EXERCISE DESCRIPTION:
Make an exact copy of the listing below. Pictures stay out of it.

SUPPLIED DATA:

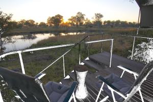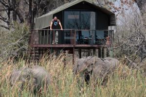 Our tent was raised quite high off the ground giving a great view across the river and into the bush. Elephant and Hippo walked by.Dinners were very good, taken at a long table on the deck with our...
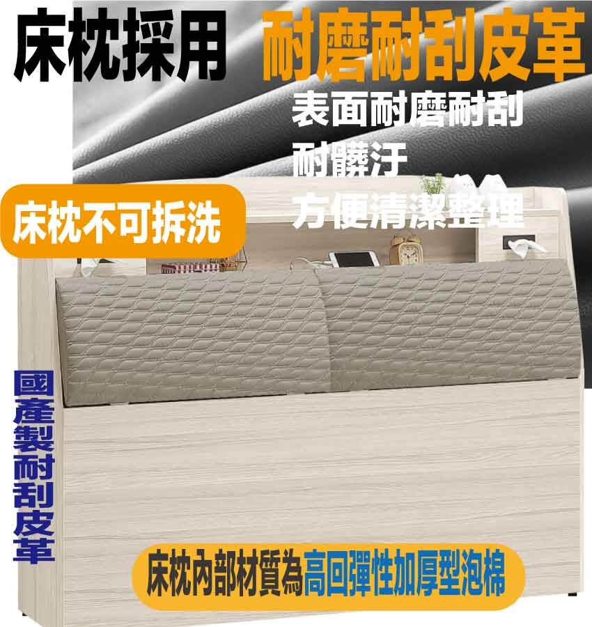 - ◆產品名稱:【綠家居】奧斯巴5尺雙人耐刮皮夜燈床頭箱(不含床底+不含床墊)
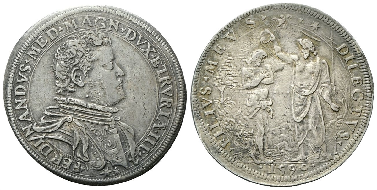 Dr. ▴FERDI - NANDVS▴ MED ▴MAGN▴ DVX▴ ETRVRIAE▴III•▴-✶ . Busto drappeggiato e corazzato a d. Rv. ▴FILIVS▴ MEVS▴ -▴ ✶- DILECTVS▴. Il Battesimo di Cristo; in esergo, 1590.
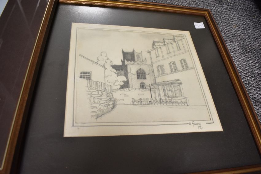 A quantity of late 19th to 20th-century framed pictures, to include a portrait of a young girl in an ornately moulded frame; a watercolour print of a church and more, mostly unmarked, (4), condition is consistent with age and use, sold as seen.

WRITTEN SOLUTION:
 Our tent was raised quite high off the ground giving a great view across the river and into the bush. Elephant and Hippo walked by.Dinners were very good, taken at a long table on the deck with our...
 - ◆產品名稱:【綠家居】奧斯巴5尺雙人耐刮皮夜燈床頭箱(不含床底+不含床墊)
 Dr. ▴FERDI - NANDVS▴ MED ▴MAGN▴ DVX▴ ETRVRIAE▴III•▴-✶ . Busto drappeggiato e corazzato a d. Rv. ▴FILIVS▴ MEVS▴ -▴ ✶- DILECTVS▴. Il Battesimo di Cristo; in esergo, 1590.
 A quantity of late 19th to 20th-century framed pictures, to include a portrait of a young girl in an ornately moulded frame; a watercolour print of a church and more, mostly unmarked, (4), condition is consistent with age and use, sold as seen.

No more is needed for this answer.